John Dryden
All for Love
The Tales from Chaucer
"A man so various that he seemed to be
Not one but all mankind's epitome.
Stiff in opinions, always in the wrong;
Was everything in starts and nothing long:
But, in the course of one revolting moon,
Was chemist, statesman, fiddler and buffoon." (Absolom and Achitophel (1681))

John Dryden, educated at Westminster and Trinity College, Cambridge, is one of the key figures in 17th century writing. He is also one of the hardest to pin down. He is dramatist, poet and essayist, serious writer of panegyric verse and author of some of the most biting attacks imaginable (sometimes in the same poem). During the Protectorate he was on the anti-monarchical Puritan side, but upon the accession of James II was a Catholic. Yet, despite the contradictions in his character and art, Dryden does not come across as an insincere writer. Even in his early successes, the poems "Upon the death of Lord Hastings" (1649) and the "Heroique Stanzas" (1658), where his aim is to raise up an individual in high esteem, there is no sense of cynicism.

After Astraea Redux in 1660 and at the time when he wrote his fine but sometimes somewhat dry longer poem, Annus Mirabilis (1667), Dryden achieved great fame with his plays. Serious drama such as The Indian Emperour (1665) and Tyrannick Love (1669) were part of the fashion for rhymed heroic plays, but he also wrote comedies. Examples of Dryden's comic drama are The Wild Gallant (1663) and The Rival Ladies (1664). None of these plays have lasted terribly well and are considered minor works now by most critics, but some of his tragic-comedies (Marriage-a-la- Mode (1672) is a famous example) retain some of their original interest and display innovation on the part of their author not present in his adaptation of Shakespeare's The Tempest, written with D'Avenant. During this time he wrote critical works, notably Of Dramatick Poesie (1668), which is interesting particularly for its discussion of rhyme's place in theatre, and essays prefixing his plays that have subsequently been compiled.

Made poet laureate in 1668 and historiographer royal in 1670, Dryden began to write works of greater substance including two superior dramatic Shakespeare adaptations: Troilus and Cressida (1679) and particularly All For Love (1678), a new version of Antony and Cleopatra, acclaimed as his best play, that was written in blank verse. Famed for his drama and his criticism (which regularly swayed between opinions as he reconsidered his points of view) and given a high profile due to his laureateship, Dryden came under attack by his peers (see Buckingham's The Rehearsal (1671) where he is satirised as 'Bayes'), especially Shadwell. He seemed to court such verbal and occasionally physical violence (he was assaulted in 1679) by including vicious and always hilarious parodies of his enemies in verse as serious as they were amusing. Dryden's satire of those he saw as evil, corrupt or useless tended to appear in verse. The best examples are MacFlecknoe (1682), an attack on Shadwell, and the brilliant first part of Absolom and Achitophel (1681).

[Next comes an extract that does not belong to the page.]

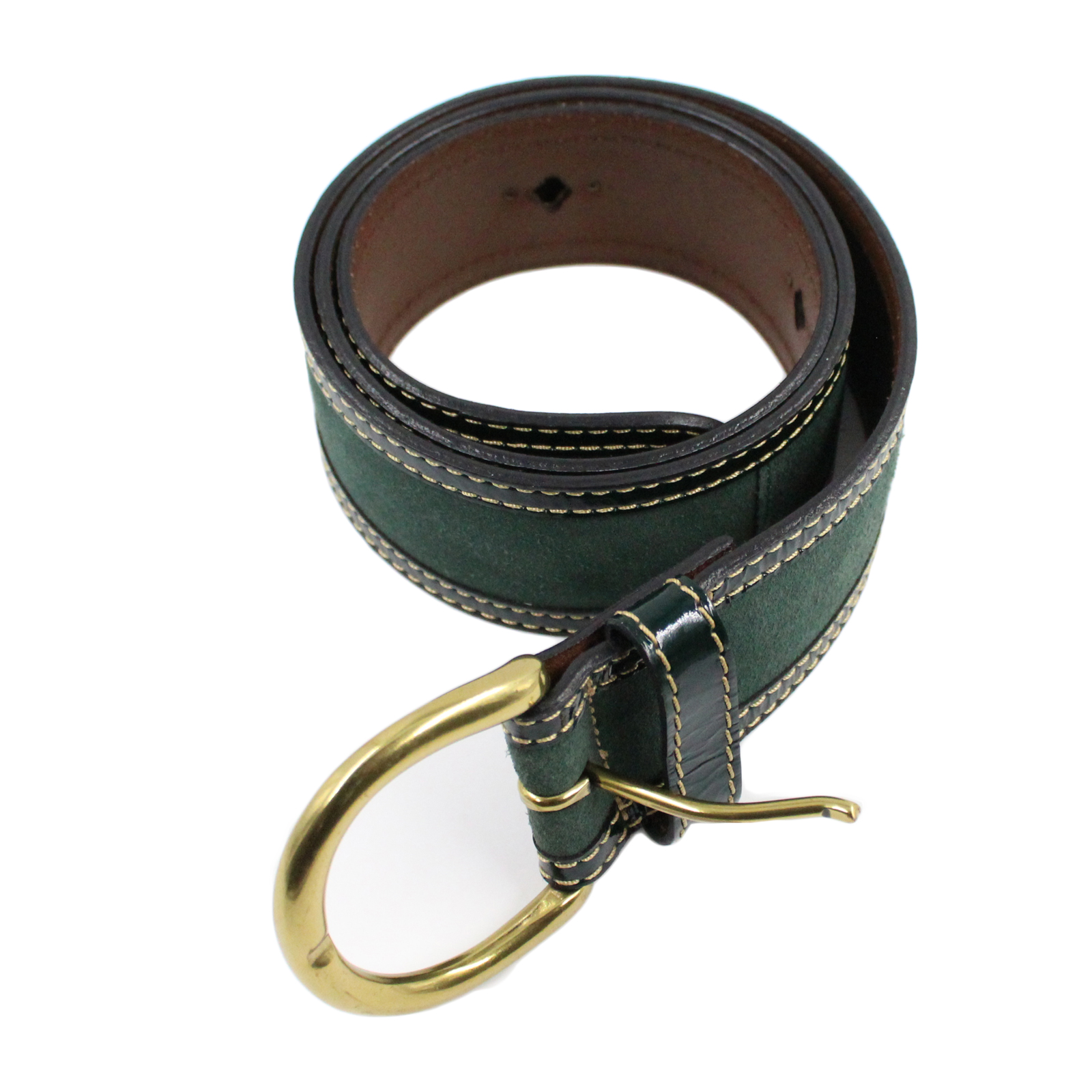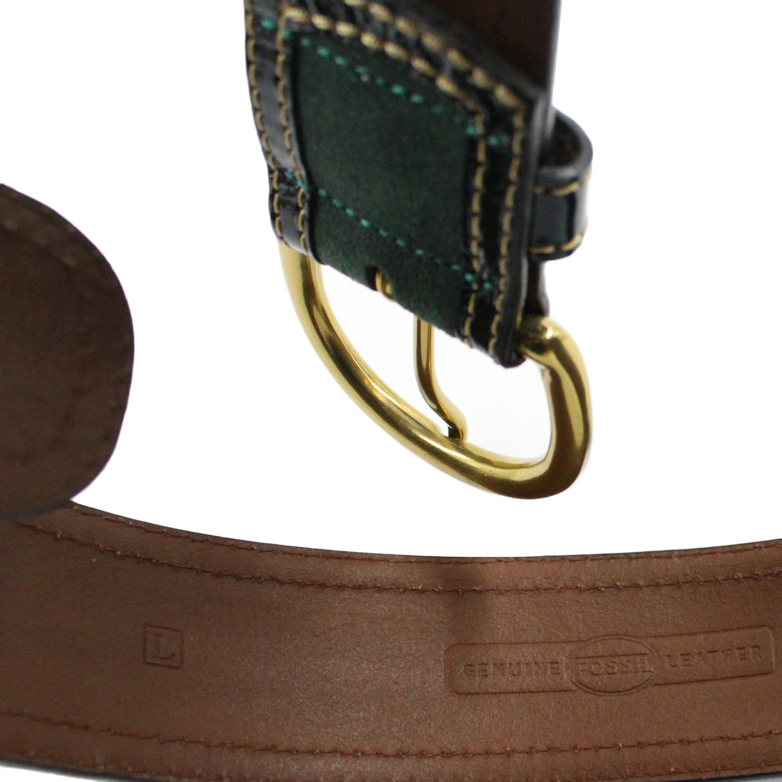 FOSSIL Genuine Suede Patent Leather Gold Buckle Large Green Belt

Dryden's later poetry is often religious in its subject. Religio Laici (1682) and The Hind and the Panther (1687), while representing Anglican and Catholic causes respectively, are convincing and occasionally very funny. He was not afraid to mix his philosophy with his wit, and as such even these contradictory and sometimes spurious tracts remain well worth reading if not always convincing. In the late 1680s and first half of the 1690s, Dryden returned to the theatre and wrote Don Sebastian (1689) and others before becoming bored and dissatisfied with the form again.

His final years were not wasted, though, as he turned to translating. Without doubt one of the greatest writers ever in this field, he used talents drawn from his own poetic writing to revitalise parts of Ovid, Homer, Lucretius, Boccaccio and Chaucer. Alongside these are the Fables Ancient and Modern, a final great work from one of the most diversely talented writers in all of English literature. Dryden died in 1700 and was buried in Westminster Abbey.